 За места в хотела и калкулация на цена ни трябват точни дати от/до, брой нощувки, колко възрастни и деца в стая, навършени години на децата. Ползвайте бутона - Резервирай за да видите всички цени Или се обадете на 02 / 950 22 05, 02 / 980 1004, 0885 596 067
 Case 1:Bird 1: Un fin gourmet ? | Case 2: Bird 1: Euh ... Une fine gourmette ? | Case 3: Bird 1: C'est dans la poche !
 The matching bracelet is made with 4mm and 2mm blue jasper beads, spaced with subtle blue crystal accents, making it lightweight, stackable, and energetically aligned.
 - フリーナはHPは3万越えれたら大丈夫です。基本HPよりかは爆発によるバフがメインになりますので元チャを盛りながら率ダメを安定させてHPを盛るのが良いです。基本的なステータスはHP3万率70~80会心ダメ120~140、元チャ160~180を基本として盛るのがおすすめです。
--
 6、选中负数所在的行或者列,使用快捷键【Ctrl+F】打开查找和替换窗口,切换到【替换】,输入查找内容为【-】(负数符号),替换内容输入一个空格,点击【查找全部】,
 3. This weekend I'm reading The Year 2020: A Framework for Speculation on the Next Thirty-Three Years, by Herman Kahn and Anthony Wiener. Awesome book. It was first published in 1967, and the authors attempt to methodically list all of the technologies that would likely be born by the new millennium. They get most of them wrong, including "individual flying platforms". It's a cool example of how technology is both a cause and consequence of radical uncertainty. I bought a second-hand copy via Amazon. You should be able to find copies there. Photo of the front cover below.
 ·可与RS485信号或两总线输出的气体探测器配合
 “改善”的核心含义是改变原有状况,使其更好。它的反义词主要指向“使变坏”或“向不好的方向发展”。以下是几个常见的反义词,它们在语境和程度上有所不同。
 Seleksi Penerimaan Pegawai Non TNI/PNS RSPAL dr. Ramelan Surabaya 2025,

- TASK TO COMPLETE: Only the lines above from the one with "За места в хотела" up to and including the one with "- フリーナはHPは3万越え" should be repeated, exactly as written.

- REPLY TO THE EXERCISE:
 За места в хотела и калкулация на цена ни трябват точни дати от/до, брой нощувки, колко възрастни и деца в стая, навършени години на децата. Ползвайте бутона - Резервирай за да видите всички цени Или се обадете на 02 / 950 22 05, 02 / 980 1004, 0885 596 067
 Case 1:Bird 1: Un fin gourmet ? | Case 2: Bird 1: Euh ... Une fine gourmette ? | Case 3: Bird 1: C'est dans la poche !
 The matching bracelet is made with 4mm and 2mm blue jasper beads, spaced with subtle blue crystal accents, making it lightweight, stackable, and energetically aligned.
 - フリーナはHPは3万越えれたら大丈夫です。基本HPよりかは爆発によるバフがメインになりますので元チャを盛りながら率ダメを安定させてHPを盛るのが良いです。基本的なステータスはHP3万率70~80会心ダメ120~140、元チャ160~180を基本として盛るのがおすすめです。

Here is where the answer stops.